A long term collaborative neuroscience project conducted by more than 135 institutions began recently.

Human Brain Project

The project, which is being co-funded by the EU, is expected to take 10 years and is being called the Human Brain Project, or HBP. It is being likened to the Human Genome Project, which resulted in the completion of the entire genetic code sequence of human beings, after more than a decade of work by thousands of scientists.

The main goal is to create a computer simulation of the brain by collecting all of the available neuroscience data and information and using it to better understand how the brain works. Researchers plan to build a brain research database in which published neuroscience papers are gathered and archived to allow a more in depth and integrated exploration of the brain.

Scientists involved in the Human Brain Project are located mainly in Europe and the venture is estimated to cost approximately 1 billion pounds, or nearly $1.6 billion dollars. The project has drawn some criticism for the cost, saying it will lessen funding in other areas. Others, however, believe it holds the potential for some groundbreaking discoveries.

Potential for Major Breakthroughs

Steve Furber, Professor of Computer Engineering at the School of Computer Science at the University of Manchester, explained his support for the project: "There are plenty of grounds for scepticism about whether the project will deliver a fairly complete understanding of how the brain works. But we will make progress even if we don't achieve that ultimate goal and that could yield major benefits for medicine, computing and for society."

Since we know so little about the brain, it would be impossible to create a complete simulation of the brain. Scientists plan, instead, to create numerous simulations that represent different brain processes and functions.
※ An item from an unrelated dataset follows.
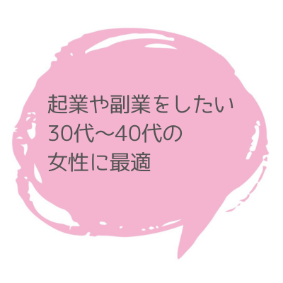 この講座は、起業や副業をしたい女性を応援するために作りました。特に時間と場所に縛られず働きたい人、自分の力で収入を得たい人、副業して収入を増やしたい人などを想定しています。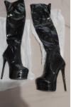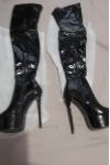 レビュー: オーバーザニーブーツブラックラウンドトゥブライトレザープラットフォームウィンターブーツ女性ハイヒールサイハイブーツ

A main focal point of the project is to address the complexity of brain diseases and examine the connections between different conditions. As diseases like Alzheimer’s, dementia, and other forms of cognitive decline continue to affect more people every year, it is important that scientists understand the workings of and links between the various diseases before they are able to effectively treat them. Alzheimer’s and dementia affect more than 5 million people across the United States. In the United Kingdom, the disease affects more than 800,000 people.

Professor Henry Markram, Director of the Human Brain Project at Ecole Polytechnique Fédérale de Lausanne in Switzerland, explained the importance of gathering all of the data and information: "We should begin to understand what makes the human brain unique, the basic mechanisms behind cognition and behaviour, how to objectively diagnose brain diseases, and to build new technologies inspired by how the brain computes," he said.

Cost of Dementia

Though $1 billion seems a hefty sum for just one single project, this long term project is expected to bring new advancements to both the scientific and medical fields that could potentially have drastic effects on the way we approach brain research.

In the United States alone, family caregivers provide an estimated $450 billion in unpaid care every single year. More than $216 billion of that care is for family members with Alzheimer’s or another form of dementia. These high costs are taking a toll on the nation as a whole, which is struggling to sustain its social programs under the immense burden of taxpayer-funded care. Any breakthrough that has the potential to decrease the incidence of Alzheimer’s and dementia has the potential to tremendously affect the nation in a positive way.